- Also known as: King-Show
- Origin: Tokyo, Japan
- Genres: Alternative metal, experimental metal, progressive metal, hard rock, heavy metal
- Years active: 1982–1999, 2006–present
- Labels: Nagomu; Toy's Factory; MCA Victor; Mercury; Tokuma Japan;
- Members: Kenji Ōtsuki; Yūichirō Uchida; Toshiaki Honjō; Fumihiko Kitsutaka;
- Past members: Akira Ōta; Edozō Mishiba; Minosuke; Norihiro Ishizuka; Hiroshi Sekiguchi; Shōichi Tomomori;
- Website: http://king-show.net/

= Kinniku Shōjo Tai =

Japanese rock band

Kinniku Shōjo Tai (筋肉少女帯), also known as King-Show (筋少, Kin Sho), is a Japanese rock band. They were very popular from the late 1980s through the early 1990s. In 1999 they disbanded, but then in 2006 they regrouped.

==History==

=== Independent years ===
In 1979 when Vocalist Kenji Ōtsuki and Bassist Yūichirō Uchida were Junior High School students, they started the band called "Dotechins" (This name was from Kenji Ōtsuki's Junior High School nickname) and this band was a precursor of Kinniku Shōjo Tai.

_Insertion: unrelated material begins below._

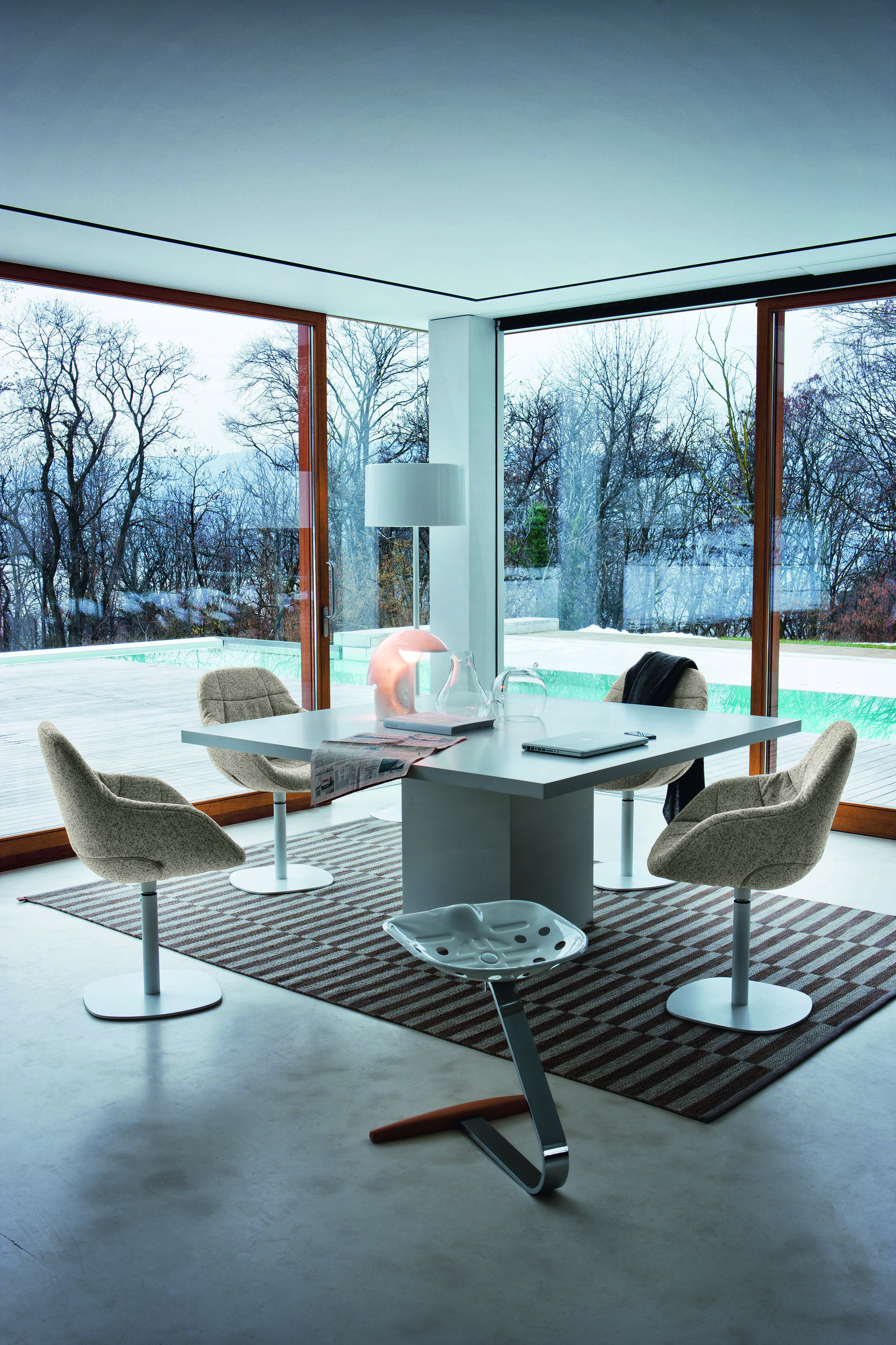 Стул Eva 2269/R имеет поворотное основание выполненное из стали, хромированной или окрашенной в белый, черный или серый цвет. Корпус стула выполнен из интегрального ППУ (монолитный материал с плотной поверхностью) и дополнительно усилен стальной вставкой. Доступна версия в обивке из кожи, экологичного заменителя кожи или текстиля. Возможны различные варианты моделей. Подробнее о данной модели уточняйте у менеджеров или в PDF инструкции.

In February 1982 after they disbanded Dotechins and became high school students, they started a new band, "Kinniku Shōnen Shōjo Tai". On April 6 the same year, they debuted in the independent music scene, and changed the band name to "Kinniku Shōjo Tai".

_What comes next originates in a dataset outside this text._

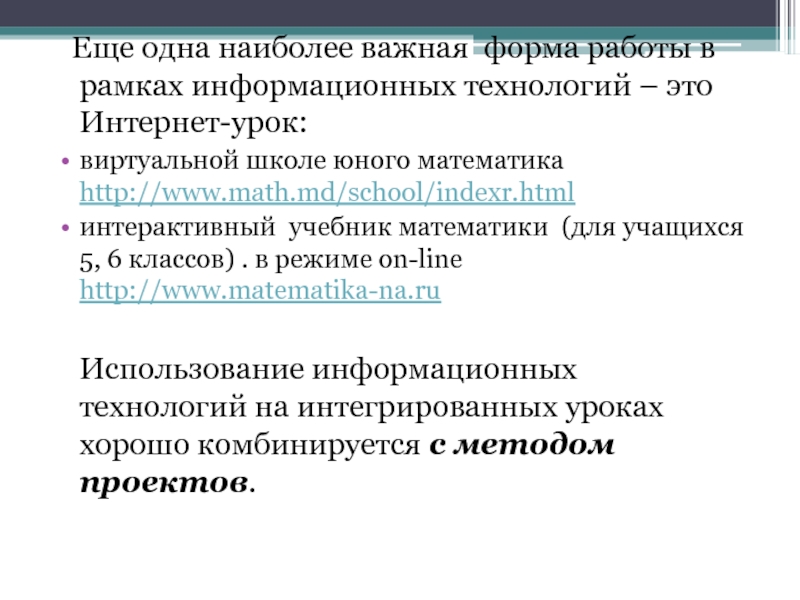 Использование информационных технологий на интегрированных уроках хорошо комбинируется с методом проектов.
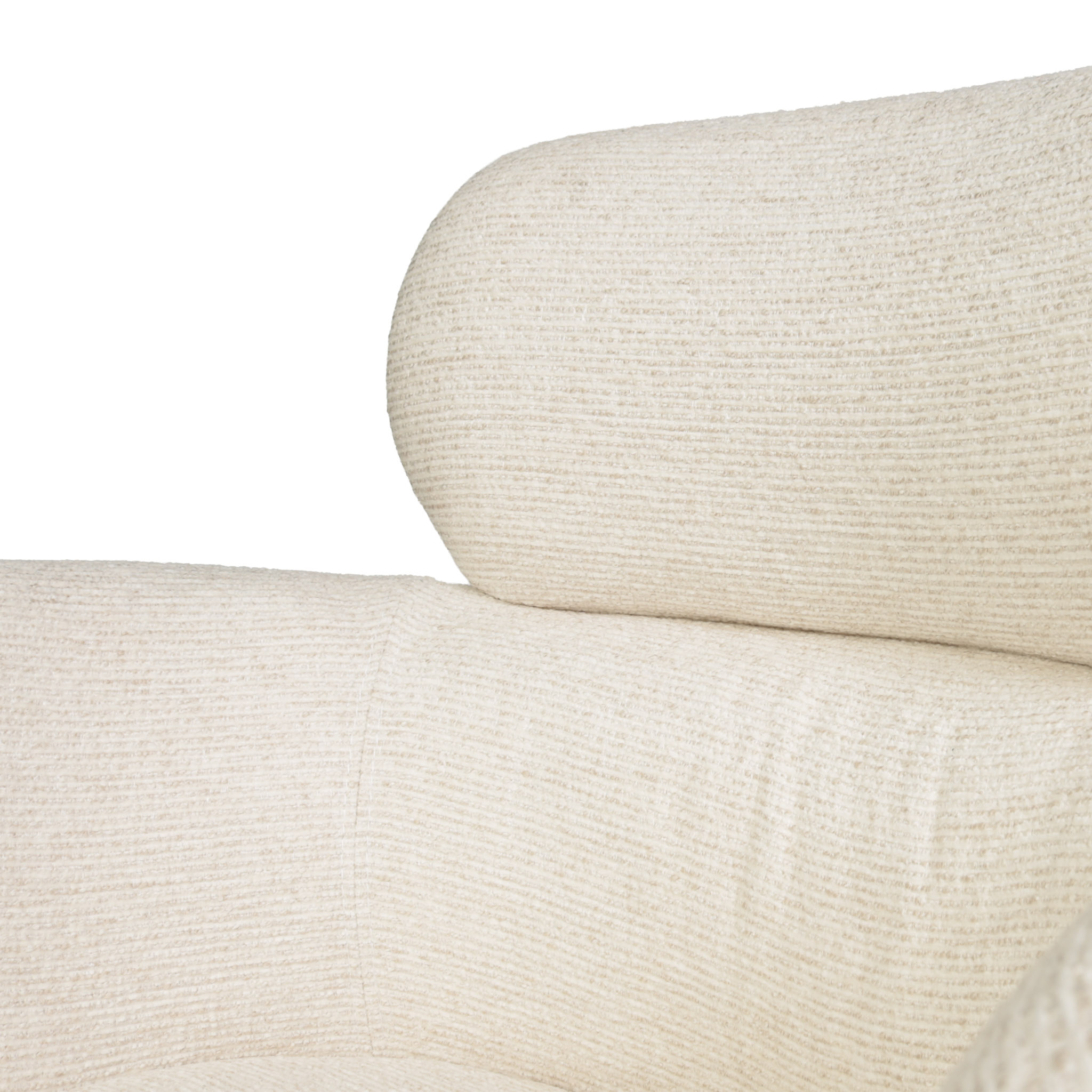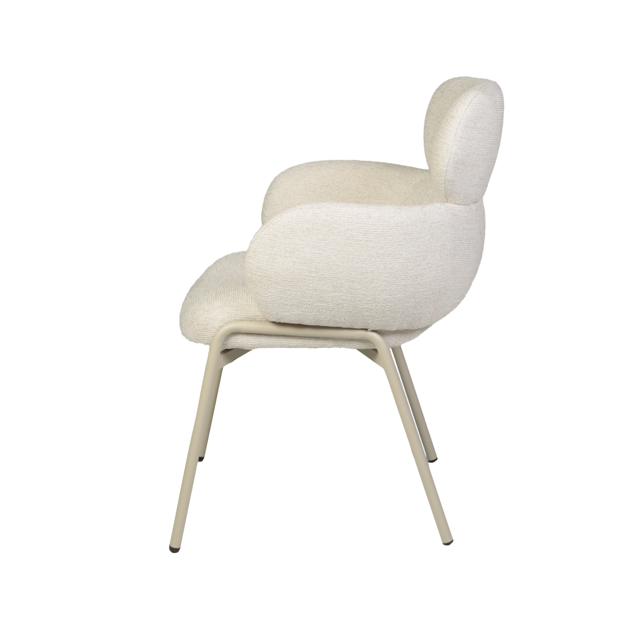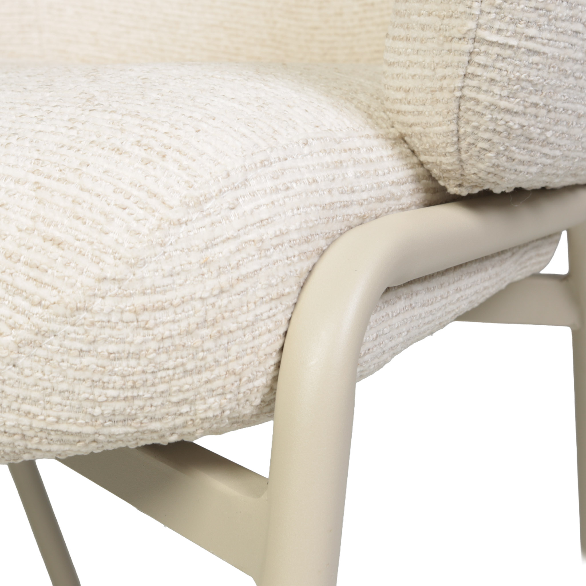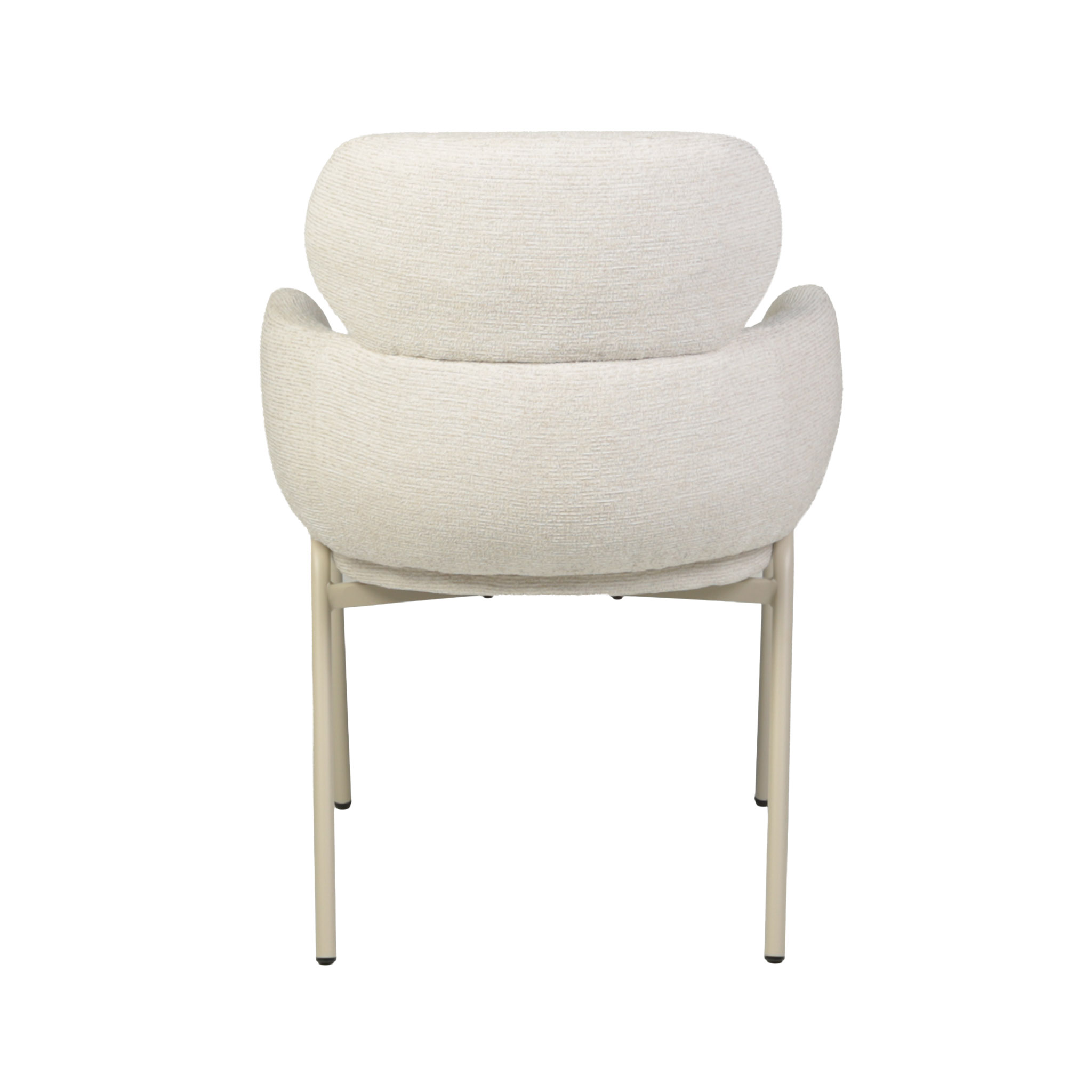 Silla de comedor con asiento de tela en color crema claro con hilos beige, y patas de metal beige.

In March 1986, the original keyboardist Edozō Mishiba joined the band, and this year the band has gotten a high ability and evaluation.

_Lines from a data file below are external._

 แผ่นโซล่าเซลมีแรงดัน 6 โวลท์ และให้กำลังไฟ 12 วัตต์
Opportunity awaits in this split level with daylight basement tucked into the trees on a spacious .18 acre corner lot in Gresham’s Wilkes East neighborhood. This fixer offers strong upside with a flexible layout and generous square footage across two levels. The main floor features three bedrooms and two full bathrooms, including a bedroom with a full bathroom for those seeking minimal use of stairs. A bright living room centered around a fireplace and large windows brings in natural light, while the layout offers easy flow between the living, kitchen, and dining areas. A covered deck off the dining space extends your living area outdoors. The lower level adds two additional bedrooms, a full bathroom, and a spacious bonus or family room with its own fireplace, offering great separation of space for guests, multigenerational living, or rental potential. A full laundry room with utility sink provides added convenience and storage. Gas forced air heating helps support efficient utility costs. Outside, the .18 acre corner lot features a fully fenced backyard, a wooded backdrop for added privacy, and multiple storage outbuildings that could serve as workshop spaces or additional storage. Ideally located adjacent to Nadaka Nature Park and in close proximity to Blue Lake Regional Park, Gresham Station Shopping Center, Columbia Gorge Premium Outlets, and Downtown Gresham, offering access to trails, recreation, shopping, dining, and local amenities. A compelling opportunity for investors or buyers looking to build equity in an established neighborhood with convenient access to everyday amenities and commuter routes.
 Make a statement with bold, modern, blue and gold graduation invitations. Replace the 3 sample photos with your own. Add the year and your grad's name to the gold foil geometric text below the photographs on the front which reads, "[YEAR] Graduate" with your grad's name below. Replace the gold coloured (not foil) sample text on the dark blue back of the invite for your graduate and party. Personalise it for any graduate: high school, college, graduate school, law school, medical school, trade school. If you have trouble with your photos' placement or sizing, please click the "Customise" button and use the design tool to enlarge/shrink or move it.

In 1987 they released the EP called, "Takagi Boo Densetsu" (Legend of Boo Takagi) from Nagomu Record (this independent record label is owned by Uchōten vocalist Keralino Sandorovich). This EP caused some trouble with Takagi's office and the EP was then recalled.

===Major debut===
In 1988, they successfully made a deal with TOY'S FACTORY and later that year in June they released their 1st album, "Buddha L" and their 1st single, "Shaka". But the band lineup was still not established. In 1989, Edozō Mishiba left the band and current guitarist Toshiaki Honjō and Fumihiko Kitsutaka joined the band. Then they released their 3rd Album called "Neko no Tebukuro (Cat's Glove) ". After this, the band lineup became established and has not changed until they disbanded in 1999. This year the band became very popular in Japan.

===Disband===
The band was going smoothly, but in July 1998 drummer Akira Ōta left the band. After a concert in 1999, guitarist Fumihiko Kitsutaka left the band for an administrative reason. Also leader and vocalist Kenji Ōtsuki left the band taking full responsibility for Fumihiko Kitsutaka leaving the band. And finally the band was completely finished. After disbanding, Kenji Ōtsuki formed a new band called "Tokusatsu" and Fumihiko Kitsutaka joined a band called "X.Y.Z.→A".

===Regroup===
After disbanding the former band members had a few misunderstandings but finally most members became reconciled. And on December 28, 2006, Kenji Ōtsuki, Yūichirō Uchida, Toshiaki Honjō, and Fumihiko Kitsutaka announced that "Kinniku Shōjo Tai will regroup". Right now they are doing many concerts in Japan.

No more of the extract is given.